Friday, March 27, 2009

Haven't been on the blog for several days. I have just been very busy trying to do things around the house. Because of my fibromyalgia, there are many days that I can't attend to household tasks. The pain and fatigue hinder my efforts to work around the house on a regular basis. It is worse during the winter. The past few days have been fairly good, so I have been taking advantage of the opportunity to catch up on things at home. I say catch up, but it almost looks impossible to catch up. Things accummulated over the many weeks that we can't do a lot. Those of us with fibromyalgia have to make the best of our good days, as they are few and far between.

I was writing about death the other day and said that I would share some things that I have experienced with death of loved ones. Today, I wanted to write about one of the losses that I will talk about the next few days. It was the loss of my young husband of 28. I was 22 years old with a 9 month old daughter when he died. It's sometimes so hard to understand and deal with the loss of our loved ones through death. We feel lost, angry, hopeless and helpless. I know this feeling very well. My husband died of a brain aneurysm suddenly. We both worked together. He went to work and passed out on the floor. When he was rushed to the emergency room, he was found to be brain dead. Just like that...like Natasha Richardson. Only the cause of his internal brain hemorraging was not a fall. It was a blot clot that had been in his head as a misconfigured blood vein since birth. The day he died, it exploded and flooded his brain. The result brain dead. No hope for him. Just like that within the blink of an eye. 17 hours after he passed out, he died.


It was heartbreaking when Mike died. When he passed, it crushed me on the inside beyond anything that I had ever known...beyond anything that I can even describe fully. After his death and as a result of intense grief, my personality changed dramatically. There were people that didn't think I loved my husband because of my change of lifestyle after his death. It was quite the opposite. Although it has been almost 30 years, I remember like it was yesterday screaming and collapsing at the hospital, when I was told Mike was going to die. I loved him with all my heart and didn't even want to live any more when he died. But, I knew I had to go on for my children.

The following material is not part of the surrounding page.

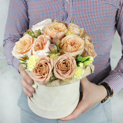 Композиция из пионовидных роз в шляпной коробке| 10 300 Р | без скидки |

When Mike died, I wasn't much of a drinker. After his death, I started staying out every night drinking to dull the pain. I couldn't stand the pain...I couldn't sleep...I didn't want to face the despair, so I numbed myself with alcohol. Before Mike passed, I was not a promiscuous person nor approved of that type of behavior. But when Mike died, I felt like I died. I lost my way. I was so utterly lonely and I kept trying to fill my loneliness with many superficial relationships. I couldn't stand the loneliness, so I was always looking for someone to fill that void that Mike's passing left in me. I didn't like not being married. Pardon the old cliche, but it fits very well. I was looking for love in all the wrong places... I couldn't see clearly enough to know it at the time. When I look back on that time, I despise my own behavior. The Christian Rock Band, DC Talk has a song with the words, "I despise my own behavior". When I first wrote that I despise my own behavior, I wasn't even thinking of the song. It was just something that sprang forth in my heart when looking back. I turned to worldly things to help give me comfort, when I should have been turning to Christ. If I could do it all over again, I would erase my mistakes. Problem is that I can't. Reminders of it ended up making me a better mother and a better human being later. God can turn our worst sins and mistakes to work for good...whether it be a help to others in times of trouble by sharing or making us become a better person. I only pray that he continues to use my dark times for both.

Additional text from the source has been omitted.